Тем не менее судьба этой ставки и чрезмерное идеологическое инвестирование в так называемый эмансипаторный этос, который предположительно внутренне присущ исламу, поучительны. Шариати предупреждал о клерикальном исламизме и захвате революции духовенством. Несмотря на это клерикальное государство, возникшее после 1979 года, все же смогло кооптировать его, причем сделало это безжалостно2. Оно поглотило всякий запал и отбросило предупреждение. Оно заимствовало революционный вокабуляр, одновременно создавая ту самую тираническую машину, которой он так боялся. Если Кесрави показывает, как подавляется неприятие, то Шариати демонстрирует, как можно подчистую перехватить переосмысление.
Дело тут не просто в том, что Иран разрывается между двумя идентичностями. Более глубокая проблема состоит в том, что обе можно привести в соответствие с одной и той же суверенной формой, и форма эта вечно выживает, предлагая нам только два выхода: до- или постисламскую фантазию о реставрации либо клерикальную теократическую судьбу Dune-pilled мессии, который еще не пришел. Эстафета увековечивает себя — и обществу говорят, что оно должно вежливо указать, какой из двух нарядов предпочитает.
Один мой друг выразил всё крайне точно. Нам нужен срединный путь3. Он должен стоять между неприятием ислама Кесрави и революционным переосмыслением Шариати. Он не может просто объявить войну традиции, будь то доисламской или исламской, потому что в таком случае мы имеем дело с еще одной позицией чистоты и дадим клерикальному порядку легкого врага, против которого можно мобилизоваться. Он также не может просто переосмыслить традицию и надеяться на лучшее: переосмысление без институциональной перестройки подвергается риску поглощения и нейтрализации. Средний термин здесь был бы историческим и организационным проектом. Он рассматривал бы континуум Сасанидов и Сефевидов в качестве политтехнологии, а затем спрашивал, как перестроить суверенитет, право, образование и публичную дискуссию таким образом, чтобы власть больше не была сакрализована, а инакомыслие не рассматривалось как кощунство.

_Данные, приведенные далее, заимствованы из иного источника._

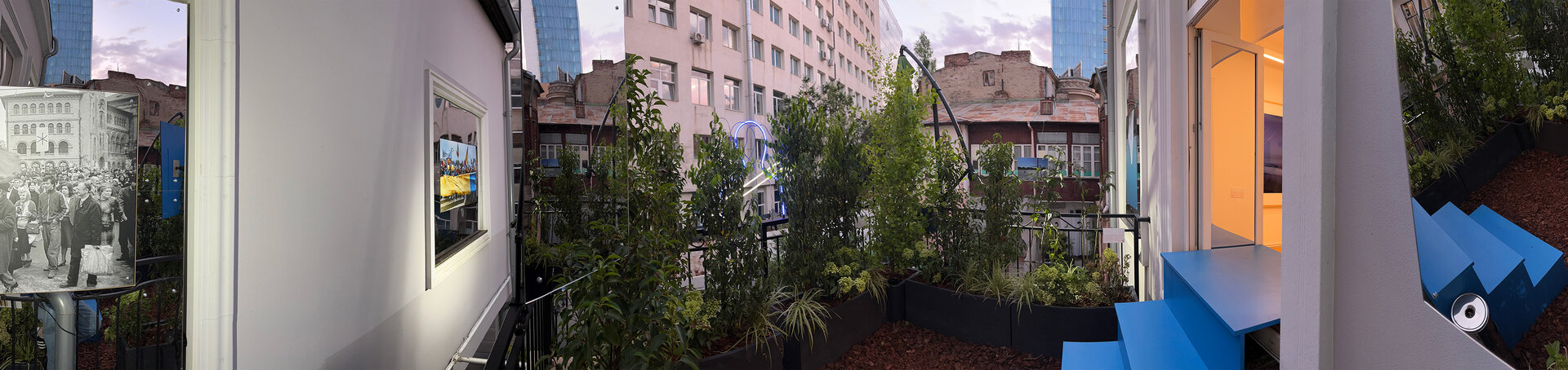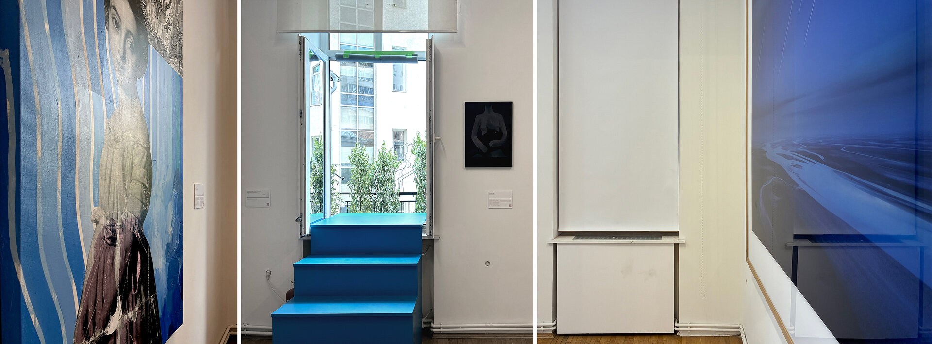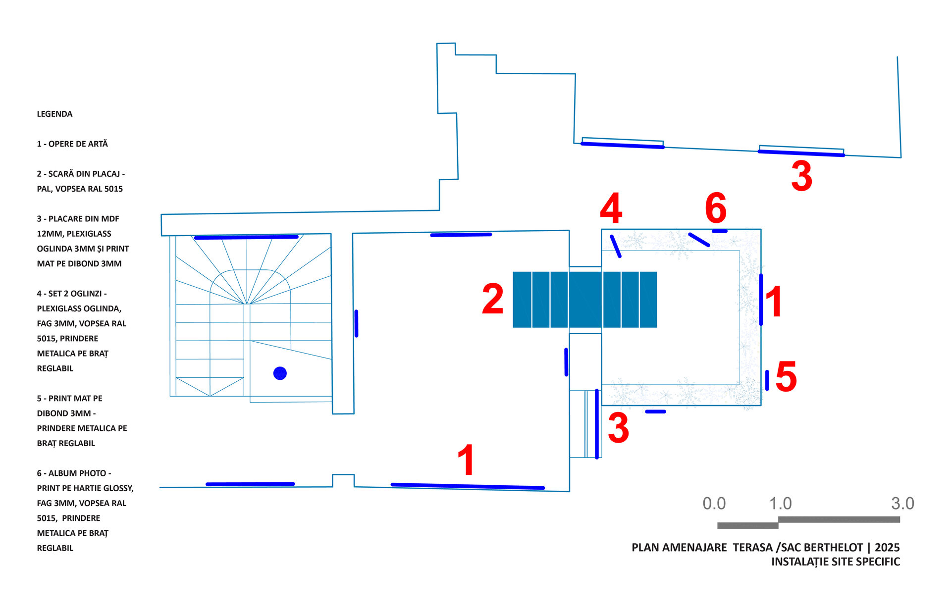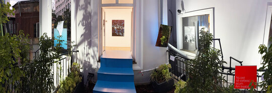 Înstalația constă în proiectarea unei scări demontabile din lemn vopsit, care facilitează circulația din galerie către terasă, extinzând spațiul expozițional cu o galerie exterioară de fotografie. 3 goluri de geam cu dimensiuni variabile și parapetul din fier forjat devin spații de expunere. Sunt generate unghiuri de vizibilitate asupra instalației din interiorul expoziției, de pe terasă cât și din curtea interioara. La sfârșitul programului, podestul se demontează și fereastra se poate închide. Intervenția folosește galeriei și după încheierea expoziției.

Этот срединный путь — не лозунг для отчаявшихся, а долгий труд. Однако это также единственный способ прекратить аутсорсинг спасения, ведь рефлекс аутсорсинга является не только навязанной психологической привычкой, но и усиливается институтами, которые продолжают представлять спасение как нечто дарованное свыше, будь то Империей, или правящим священнослужителем, или решительным человеком из народа.
Такая формулировка проясняет, что поставлено на карту в настоящий момент. Иран снова переживает потрясения. Государство отвечает на протесты смертоносной силой, массовыми задержаниями, запугиванием и намеренным отключением связи. Даже попытка подсчитать число погибших становится борьбой за легитимность. Некоторые цифры будут преувеличены, некоторые занижены, а некоторые долгое время останутся неизвестными. Эта неопределенность — не повод для молчания, а один из инструментов режима, который призван опозорить погибших. Неопределенность — способ отмывания безнаказанности в темноте.
Я не собираюсь превращать свой текст в перечень жестоких деяний Исламской республики. Жестокость ни нова, ни удивительна — разве что для тех, кто прежде ни разу не обращал внимания на то, каким режим был всегда. Я также не собираюсь отрицать здесь иностранное вмешательство, некое скрытое влияние, оппортунистическую пропаганду или стратегические желания государств, которые рассматривают Иран как место для оказания давления. Ничто из этого не выдумка. Все это часть места, которое я по-прежнему называю своим домом.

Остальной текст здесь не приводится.